There must be a weakness. A way in. There must be something wrong with him.
His average is not yet 50. Not yet. But it seems like he should average infinity. His wicket brings puzzled looks, and you want to see the replay straight away, to make sure that something weird didn’t just happen.
There are no wild triggers. He isn’t clearing his front leg, letting his hands grope or slicing inside the ball. There will be no children copying his idiosyncrasies. There is one twirl of the bat, his feet going into a wide stance. He taps his bat between three and five times. And he bats.
He is programmed to bat.
You feel he would do it the exact same way if someone was throwing stones at his head from gully or the band Cannibal Corpse were playing at short leg.
In defense he has this almost boring characteristic of using the very middle of the bat, and watching the ball until it hits it in a freakishly earnest way. If the ball is short, he gets on top of it. If it is full, he moves positively towards it. The moment it leaves his bat, he looks for a single, as if his mind says, “home secure, must source food”.
Balls outside off stump have him into position so early that his biggest decision seems to be where he wants to hit it, not if. Often he doesn’t play at all, which consists of him moving across his stumps and hiding his bat behind his back. Watching the whole display from a bunker of his own design.
Then there are the guides.
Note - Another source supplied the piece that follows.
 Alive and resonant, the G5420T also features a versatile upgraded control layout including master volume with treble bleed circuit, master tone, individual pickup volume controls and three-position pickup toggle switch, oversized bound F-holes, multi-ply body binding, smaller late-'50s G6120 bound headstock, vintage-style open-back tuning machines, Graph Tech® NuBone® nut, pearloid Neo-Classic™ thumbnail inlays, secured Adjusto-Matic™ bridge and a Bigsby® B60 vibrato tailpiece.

If there is a hole in the field, Williamson will put the ball there. He may not smash or slash it there, but he will guide it there and take whatever runs he needs. Modern cricket has decided that hole will be third man. Williamson will keep hitting the ball there until cricket has to make a decision.
If he thinks he needs to do something more than a guide, he hits through and turns his guide into a cut, or a back-foot punch. He’s in the right spot for all of them. It just depends on where his artificial batting consciousness thinks there is a better chance of the maximum amount of runs.
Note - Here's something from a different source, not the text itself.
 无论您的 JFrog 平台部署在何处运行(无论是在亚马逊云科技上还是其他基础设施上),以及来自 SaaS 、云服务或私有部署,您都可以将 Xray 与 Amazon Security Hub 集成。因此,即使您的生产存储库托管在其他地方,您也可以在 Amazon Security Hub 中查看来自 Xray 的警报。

If the ball is full, from a position almost identical to his forward defence, he pushes through the line. The follow through is finishing as mid-off or cover is scrambling to stop the unerringly well-timed shot. If the ball is straight and full, it is punched back past the bowler. It’s not a sexy on drive, it’s a repeatable on drive. When too straight, it is turned, midwicket, backward square, wherever there is no one to stop it. All of it on autopilot.
Short balls at his body are pulled with a security that mocks other men who play the same shot. It’s not risky, or hurried, it’s just played hard to the boundary. Bouncing him seems like a complete waste of your energy levels.
Bowling to him seems like a complete waste of your energy levels.
Kane Williamson will complete his hundred at Lord’s on Saturday. If not, the only think that can stop him making a hundred at Lord’s would be a sudden zombie outbreak or Test cricket being smothered to death by a bag of T20 franchise cash.
At 24, he has an unbeaten 242 and eight other Test centuries. He should be on billboards. People should be drinking his soft drink. His face should be tattooed on tramp stamps the world over.
But he is the style-less assassin. An amalgam of all the best cricket technique. Too perfect and correct to be a rock star. He’s too appropriate for a rock star. He makes too many correct choices.
Cricket academy leaders the world over have been trying to birth Williamson in cricket test tubes. And here he is. He does it all, simply, without fuss or gimmick. A child could not imitate him any better than they could bring a textbook to life.
He doesn’t bring vengeance and pain with the bat, he brings the appropriate action. Then another appropriate action. Then hundreds more. All perfectly planned, brilliantly executed and almost joyless in their execution.
Williamson is a state of the art modern batting machine. An unbeatable cricket cyborg.